Primary Treatment Options for Primary Nephrotic Syndrome: A Comprehensive Guide
Managing primary nephrotic syndrome largely depends on identifying the underlying pathological subtype, as treatment strategies vary significantly based on histological findings. Accurate diagnosis through kidney biopsy is essential to guide appropriate therapeutic decisions and improve long-term outcomes.
Treatment Based on Pathological Subtypes
One of the most common causes of primary nephrotic syndrome in adults and children is minimal change disease (MCD). In such cases, corticosteroids remain the first-line treatment. The standard approach involves administering a sufficient initial dose—typically prednisone at 1 mg/kg/day (or up to 60–80 mg daily) for adults—over a period of 4 to 6 weeks. This ensures maximal suppression of immune-mediated podocyte injury.
Corticosteroid Management Principles
To optimize efficacy and reduce relapse rates, clinicians follow three key principles: sufficient starting dose, slow tapering, and prolonged maintenance. After achieving remission—confirmed by sustained reduction in proteinuria and improved serum albumin levels—the steroid dosage should be gradually reduced over several months. Abrupt discontinuation increases the risk of relapse. Response to therapy is closely monitored using serial measurements of 24-hour urinary protein excretion and serum albumin concentration, which help determine whether dose adjustments or alternative therapies are needed.
Management of Membranous Nephropathy
In patients with nephrotic syndrome caused by primary membranous nephropathy (MN), treatment decisions depend heavily on individual risk stratification. For those classified as low-risk—defined as having urine protein less than 4 grams per 24 hours, preserved kidney function (eGFR >60 mL/min/1.73m²), and no signs of progressive disease—a conservative "watchful waiting" strategy is recommended for approximately six months.
During this observation period, regular monitoring includes assessment of proteinuria trends, renal function, and potential complications such as thromboembolism or hyperlipidemia. Notably, about 30% of low-risk MN patients experience spontaneous remission without immunosuppressive therapy, making early intervention unnecessary in these cases.
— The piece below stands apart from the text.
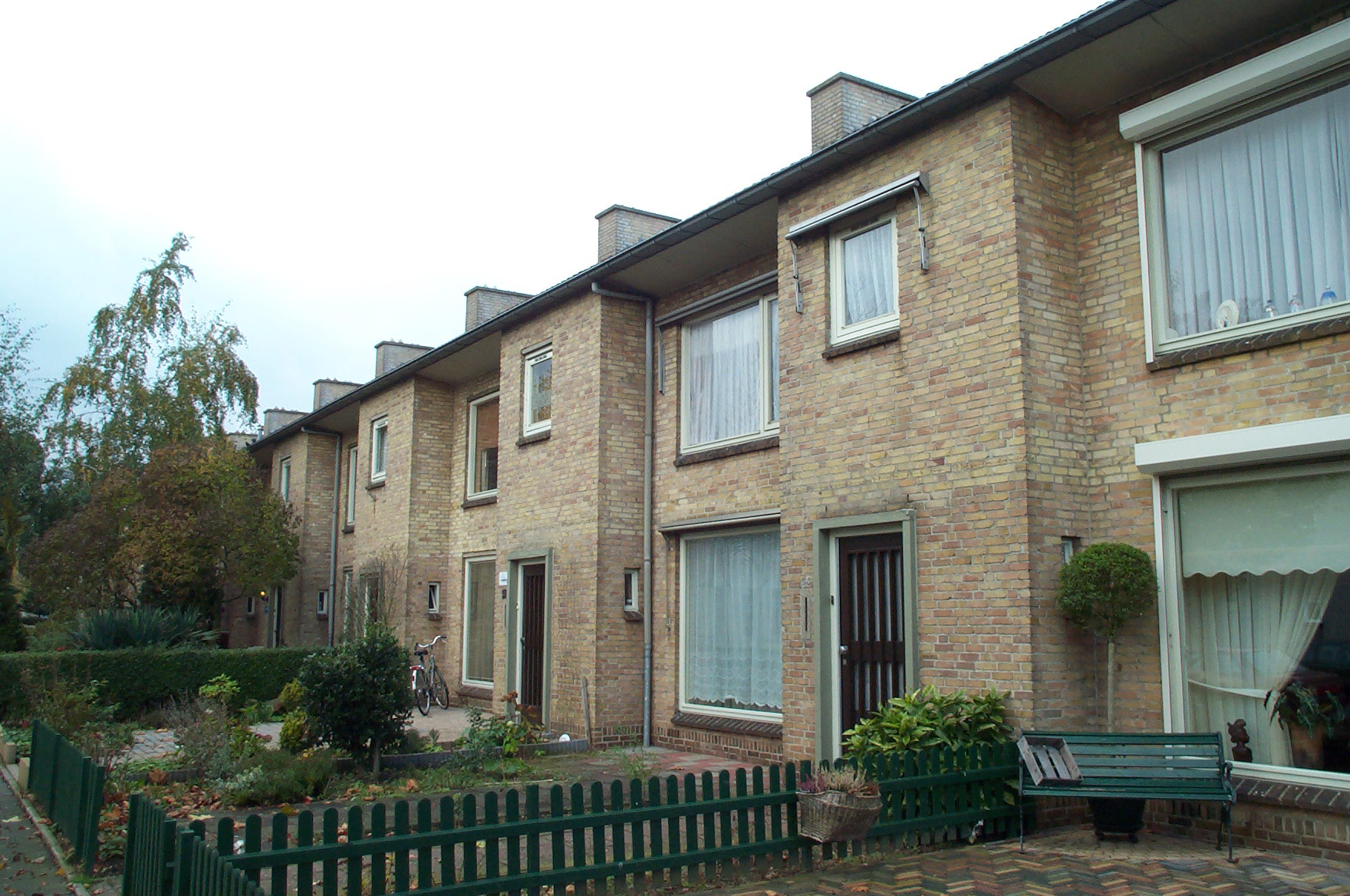 Tussen de blokken een brandgang. Alle woningen zijn gerenoveerd en in uniforme staat. Het geheel is uitgevoerd in schoonmetselwerk in een blonde metselsteen.

Immunosuppressive Therapy for High-Risk Patients
If significant proteinuria persists beyond six months or if the patient is initially categorized as high-risk (e.g., rising creatinine, nephrotic-range proteinuria, or rapid decline in eGFR), immunosuppressive therapy becomes necessary. The preferred regimens often include a combination of corticosteroids and cyclophosphamide, administered over several months. Alternatively, protocols involving cyclosporine A may be used, especially in patients who cannot tolerate alkylating agents. These treatments aim to induce complete or partial remission, thereby reducing long-term risks of end-stage renal disease.
Supportive Care and Blood Pressure Control
Regardless of the underlying pathology, all patients with nephrotic syndrome require comprehensive supportive care. One of the most critical components is blood pressure management. Maintaining blood pressure below 130/80 mmHg has been shown to slow disease progression and reduce cardiovascular risk.
The use of ACE inhibitors (angiotensin-converting enzyme inhibitors) or ARBs (angiotensin II receptor blockers) is strongly recommended due to their dual benefits: effective antihypertensive action and reduction of proteinuria via modulation of intraglomerular pressure. These medications also offer renoprotective effects that extend beyond blood pressure control alone.
In addition to pharmacologic interventions, lifestyle modifications—including sodium restriction, moderate protein intake, lipid-lowering therapy when indicated, and vaccination against encapsulated organisms—are integral parts of a holistic treatment plan. Regular follow-up with a nephrologist ensures timely detection of complications and optimization of therapy tailored to each patient's clinical course.